Task instructions — Please retype the data below exactly, stopping after the line with "吹き抜けから差し込む自然光が" and skipping every picture.
'''
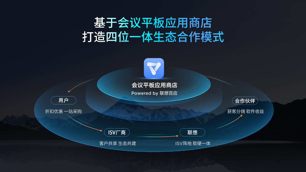 凭借联想thinkplus在商显领域的软硬件产品和服务领先优势,以及ISV合作伙伴的逐渐丰富,联想thinkplus基于联想百应平台打造出全新的“会议平板应用商店”,致力于构建 “联想、合作伙伴、ISV厂商、用户”共赢的四维生态。用户不仅可以通过应用商店以相对优惠的价格,按需下载适配会议平板的软件App;合作伙伴也能通过软件销售,带来硬件和运维之外更多的收益;ISV厂商可将其打造成触达商显用户的核心阵地,实现从预装、推荐到认证等更多商机;联想希望借此完成自身业务模式的重要迭代,打造商显领域的新生态。
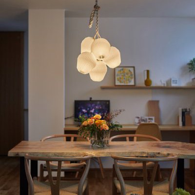 吹き抜けから差し込む自然光が空間を満たし、花束のようなペンダントライトがやわらかな光を投影しています。
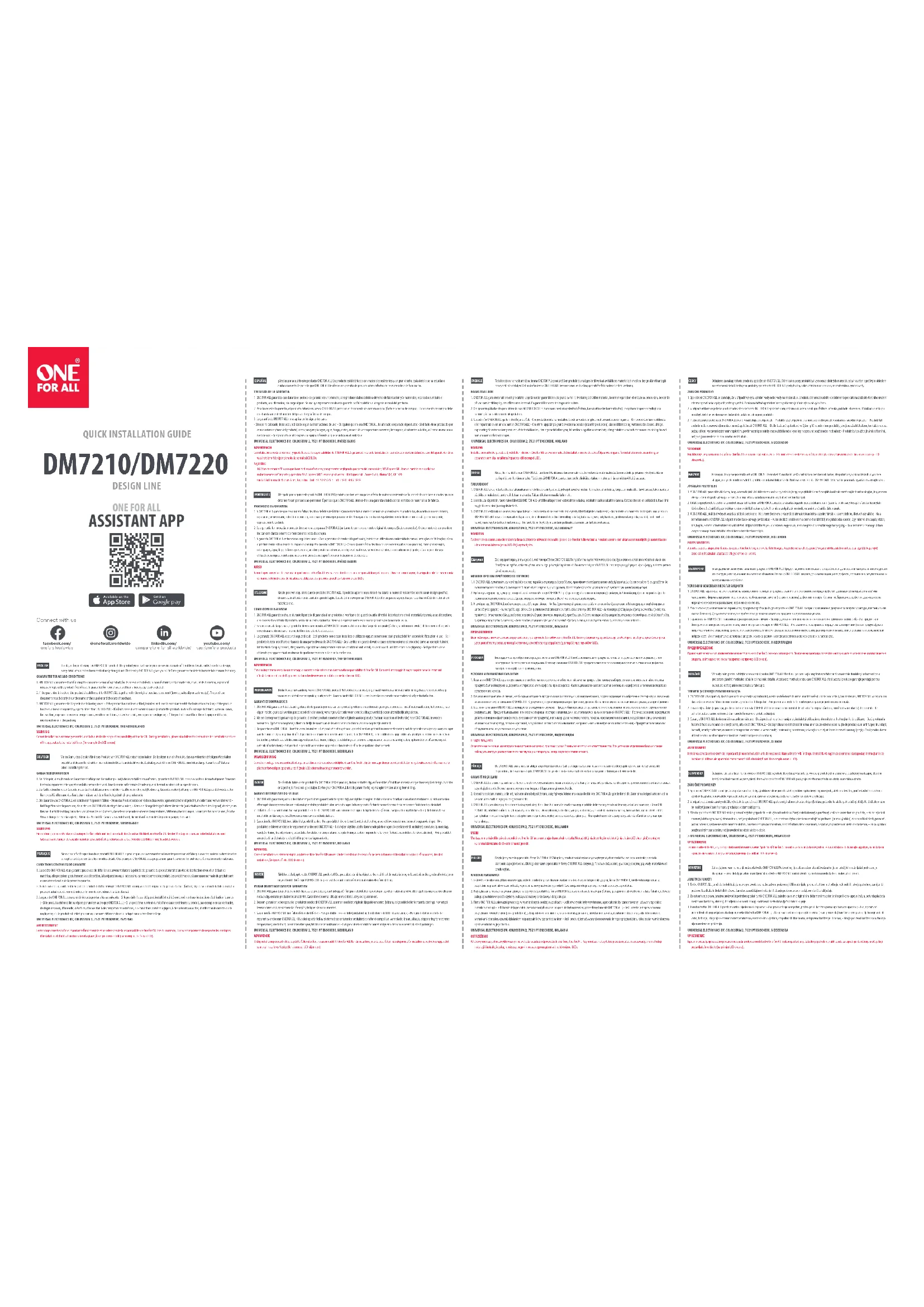 1. La société ONE FOR ALL vous garantit que, en cas de défaillance survenant durant la période de garantie du produit du fait d'un vice de fabrication et/ou d'un défaut de matériau, elle procédera gratuitement, à sa discrétion, à la réparation ou, si nécessaire, au remplacement du produit. Les problèmes dus à une usure normale du produit sont expressément exclus de la présente garantie. 2. Dans le cas où la garantie est invoquée, le produit doit être renvoyé à ONE FOR ALL accompagné de l'original de la preuve d'achat (facture, reçu de vente ou ticket de caisse). La preuve d'achat doit clairement indiquer le nom du revendeur et la date d'achat. 3. La garantie ONE FOR ALL sera considérée caduque dans les cas suivants: - Si le produit n'a pas été percé, installé et utilisé conformément aux instructions d'utilisation fournies ; - Si le produit a été modi é ou réparé par un tiers autre que ONE FOR ALL ; - Si un problème survient du fait d'une cause extérieure au produit, par exemple en cas de foudre, de dégât des eaux, d'incendie, d'éra ure, d'exposition à des températures extrêmes, aux conditions météorologiques, à des solvants ou acides, d'utilisation incorrecte ou de négligence; - Si le produit est utilisé pour un équipement di érent de celui indiqué sur ou dans l'emballage.UNIVERSAL ELECTRONICS BV, COLOSSEUM 2, 7521 PT ENSCHEDE, PAYS-BASAVERTISSEMENT Le montage correct est d’une importance fondamentale et ne releve pas de la responsabilite de One for All. Lors du montage, il convient egalement de respecter les consignes d’installation et d’utilisation du materiel a placer/ xer proprement dit (par exemple, de l’ecran LCD). ESPAÑOL ¡Gracias por adquirir este producto ONE FOR ALL! Su producto está fabricado con materiales resistentes y un gran diseño; cada detalle se ha estudiado cuidadosamente. Es por ello que ONE FOR ALL le ofrece una garantía de por vida sobre defectos de los materiales o la fabricación.
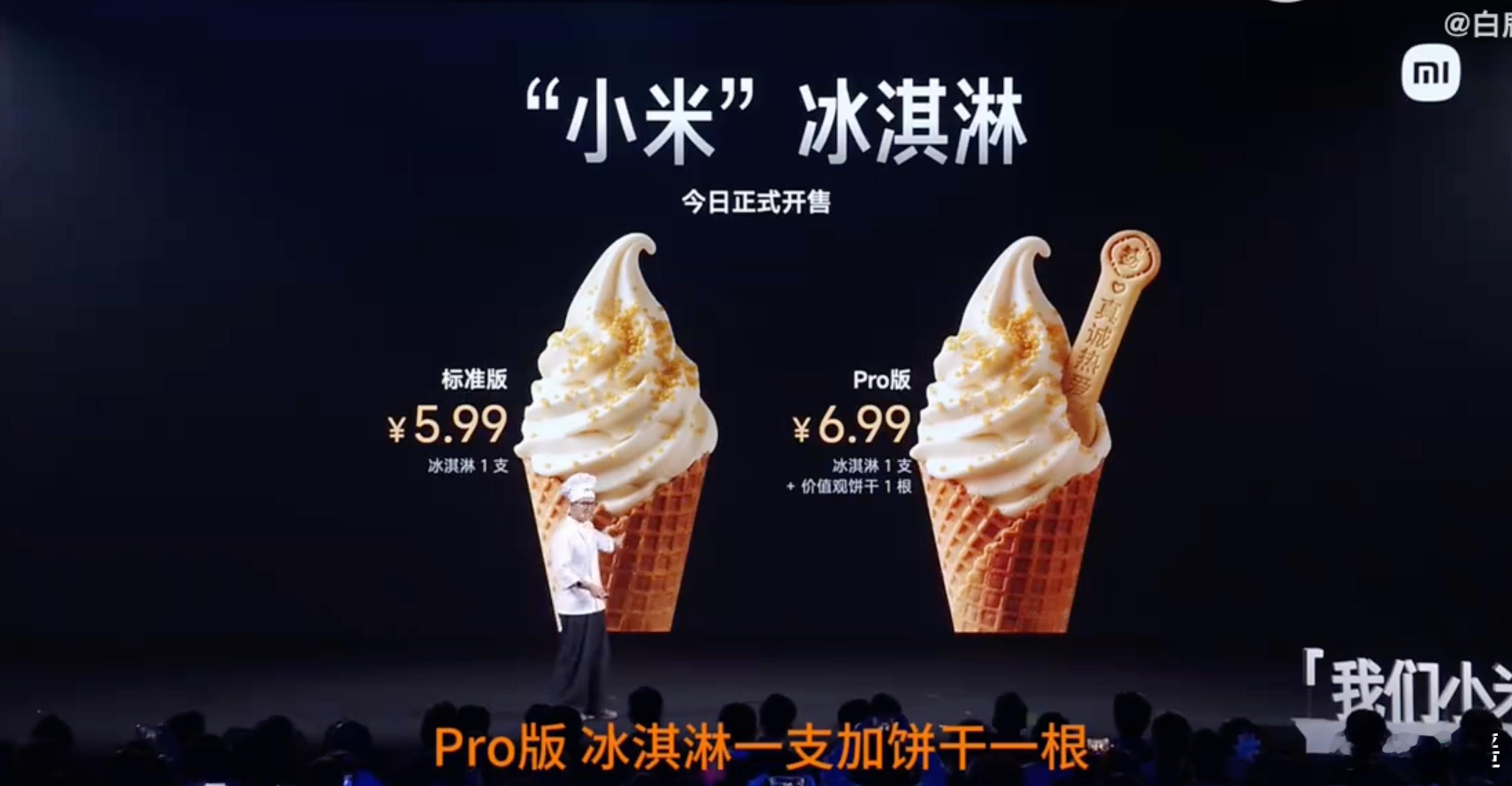 小米麻花主理人推出新品---小米冰激凌用料采用真“小米”小米冰淇淋真有小米 经过3大次技术研发,一路复盘终于做出了口感佳,味道好的冰激凌产品上市发布会进入尾声大家期待的价格也随着出炉标准版:5.99rPro版:6.99rMax版:8.99r这一套流程下来雷总开心的合不拢嘴了看过雷总将发布会的都知道,有感染力,感觉更像是在聊天好嘛,我感觉你们有点一脉相承,小米麻花主理人讲发布会也很有趣下次产品上市叫他过来讲,或者在发布会门口派发冰激淋
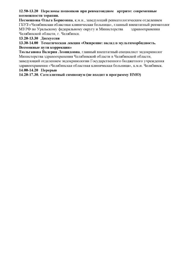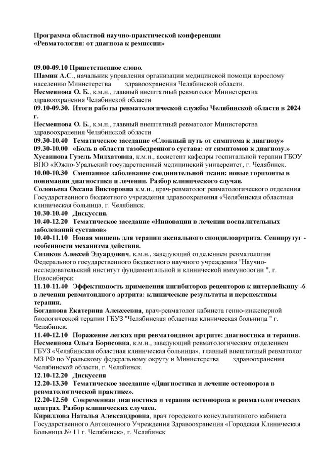 Областная научно-практическая «Ревматология: от диагноза к ремиссии» Дата проведения: 10 апреля 2025 г. Место проведения: г. Челябинск, ул. Труда , 153 , отель «Малахит» Сателлитный симпозиум (не входит в программу НМО)
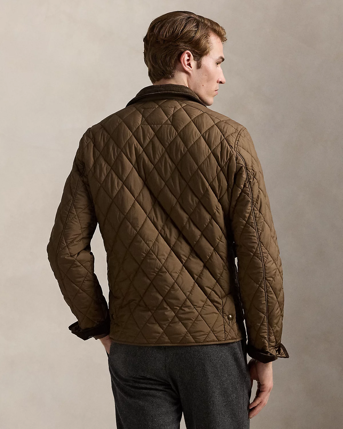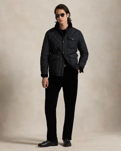 - Corduroy straight collar. Throat latch with a snapped closure. Full-zip front. Leather zipper pull. Snapped storm placket. Metal snaps custom-developed with a “Ralpthth Lauren” logo.
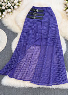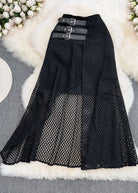 Questa gonna lunga in rete nera con dettagli a fibbie è la scelta perfetta per uno stile deciso e contemporaneo.
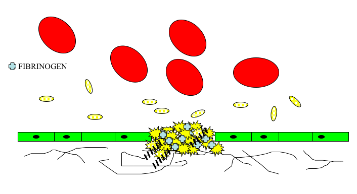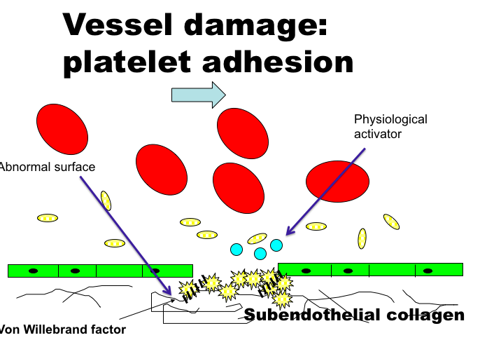 Platelets see an abnormal surface, has a receptor for the collagen, and binds to it
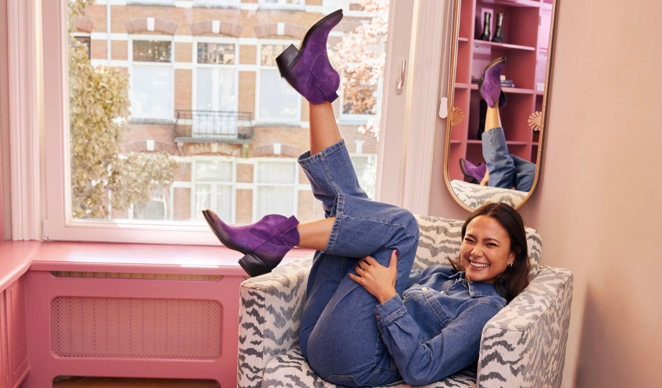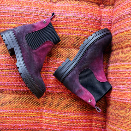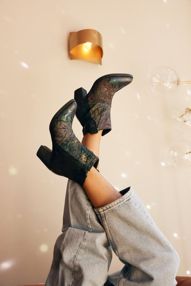 Discover our new unique collection of boots made from colourful textiles. The fabrics used are hand made from waste material by local women in Bhuj, India. This village is famous for its rich history in textile crafts and embroidery. In Bhuj, this skill is also called DANKE or AARI. For the production, the fabrics are sorted and cut into squares and sewn together. The large textile cloths are then given a special colour wash.
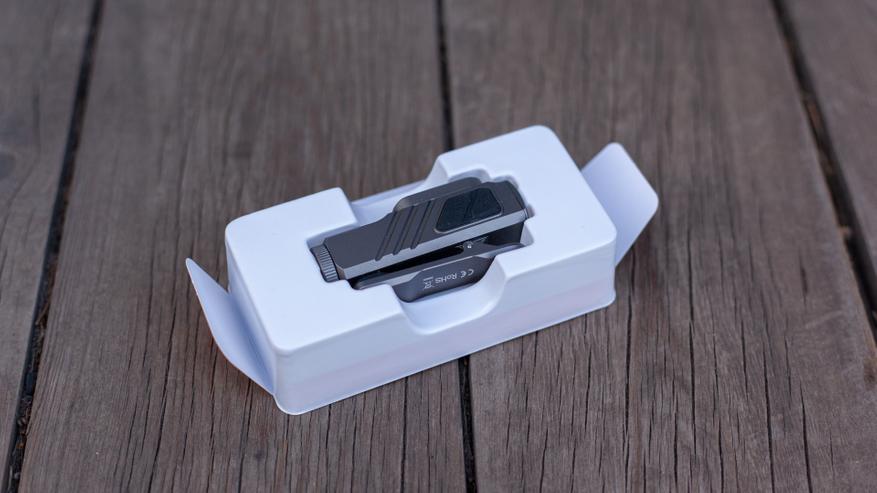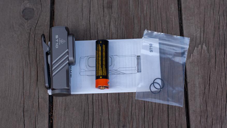 Купивший этот фонарик вытащит из коробки белую пластиковую подложку, в которой лежит сам герой обзора, небольшой темляк, кабель зарядки и руководство. Комплектный 14500 аккумулятор, разумеется, находится в самом Sofirn ST10.
'''
Completed task —
 凭借联想thinkplus在商显领域的软硬件产品和服务领先优势,以及ISV合作伙伴的逐渐丰富,联想thinkplus基于联想百应平台打造出全新的“会议平板应用商店”,致力于构建 “联想、合作伙伴、ISV厂商、用户”共赢的四维生态。用户不仅可以通过应用商店以相对优惠的价格,按需下载适配会议平板的软件App;合作伙伴也能通过软件销售,带来硬件和运维之外更多的收益;ISV厂商可将其打造成触达商显用户的核心阵地,实现从预装、推荐到认证等更多商机;联想希望借此完成自身业务模式的重要迭代,打造商显领域的新生态。
 吹き抜けから差し込む自然光が空間を満たし、花束のようなペンダントライトがやわらかな光を投影しています。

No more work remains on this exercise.